In the early summer of 1915 there had been rather less activity on the war front in eastern France and Flanders, especially on the part of the Germans, and as later developments proved, they apparently were engaged in experiments with new types of machines and engines. There was also in this time a manifestation of increased skill on the part of the German air pilots, so that when the new machines were brought out they were handled with skill and ease, especially when climbing to the upper air and dodging the shells from antiaircraft guns of the Allies.

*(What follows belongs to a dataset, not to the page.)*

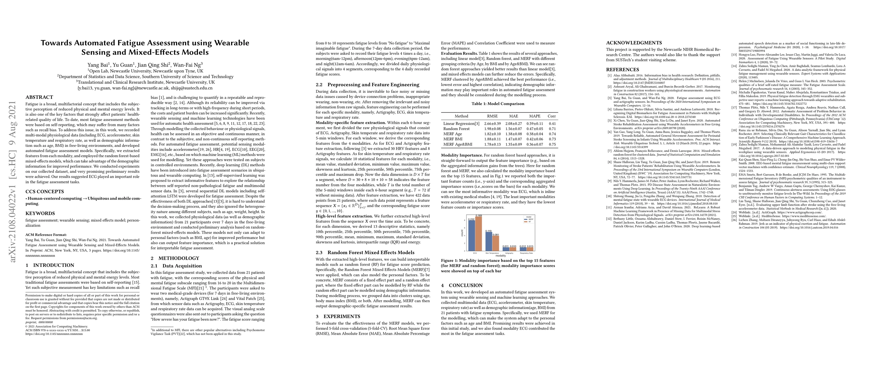 This research proposes an automated fatigue assessment system using wearable sensors collecting ECG, accelerometer, skin temperature, respiratory rate data, and demographic info. Mixed-effects models, incorporating demographic variables, were developed to analyze these features, showing promising results with ECG data being particularly significant for fatigue assessment.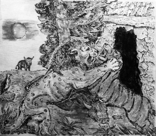 …До долгожданного утёса с пещерой оставалось совсем немного пути, когда дорогу мне ленивой поступью перешёл дикобраз. Я чуть было не накололся на его острые шипы, растопыренные вокруг тела зверя во все стороны. Если бы это случилось, то судьба моя была бы предрешена не в лучшем смысле этого слова. Спустя ещё какое-то короткое время на пути к пещере я повстречал своего соседа – длиннотелого, пёстро окрашенного гигантского питона, жившего рядом со мной в одной из трещин базальтовых пород. Большой Змей как-то странно и сочувственно посмотрел на меня своими крохотными немигающими тёмными глазками, едва приподняв над почвой свою плоскую голову. После этого питон, обремененный своими заботами, поспешил удалиться, совершая при этом извивающиеся волнообразные движения. Смутное чувство тревоги закралось в львиное сердце. Внезапная встреча с дикобразом, с его арсеналом разящих острых игл всегда являлась для хищника любого размера дурным предзнаменованием, поскольку могла, в случае контакта с этим животным, привести к непоправимым последствиям. О, сколько я знал крупных кошек, медведей и многих других животных, которые навсегда остались инвалидами, так и не освободившись от обломков его игл, сколько их умерло от голода, утратив возможность полноценной самостоятельной охоты, и сколько поэтому стали жертвами других хищников и падальщиков – пернатых стервятников, гиен, диких собак, шакалов и им подобных… А тут ещё и питон-сосед с его подозрительным взглядом, не сулящим ничего хорошего. Надо бы поторопиться.

In the meantime, and especially during August, 1915, the French began to develop bombing attacks against German arms and ammunition factories, railway junctions, and other military establishments, on a scale never before attempted in aerial warfare. Toward the middle of the month as many as eighty-four French aeroplanes were assembled for a flight over the German lines, and so carefully were these aviators trained that in less than four minutes the eighty-four aeroplanes were in the sky, arranged in perfect tactical formation. On this particular occasion a reconnaissance was made in force, and the various evolutions and the distributions of the machines were carefully tried. With such practice, on August 25, 1915, a French aerial squadron, including sixty-two aviators, flew over the heights of Dilligen in Rhenish Prussia, thirty miles southeast of Trèves, and dropped more than 150 bombs, thirty of which were of large caliber. This raid, while successful in many respects, was not without damage, for the French lost four aeroplanes. One fell to earth on fire near Bolzhen with the pilot and observer killed. A second was captured by the Germans, together with its occupants, near Romilly, a third was forced to land near Arracourt, north of Lunéville, and was destroyed by German artillery, and the fourth landed within range of the German guns near Moevruns, south of Nomeny, behind the French front. On this very day a second French squadron bombed the German camps of Pannes and Baussant, starting fires, and discharged bombs over other German stations and bivouacs. In Argonne stations were bombarded as well as the aviation park of Vitry-en-Artois. Allied fleets of French, British, and Belgian aeroplanes, both of the land and sea services, comprising some sixty machines in all, bombarded the wood of Houthulst and set a number of fires.
It must not be inferred that at this time there was any lack of individual effort or achievement. Often bombs were dropped at important stations on lines of communication, and on August 26, 1915, a poisoned gas plant at Dornach was bombed by a French aeroplane and ten shells dropped.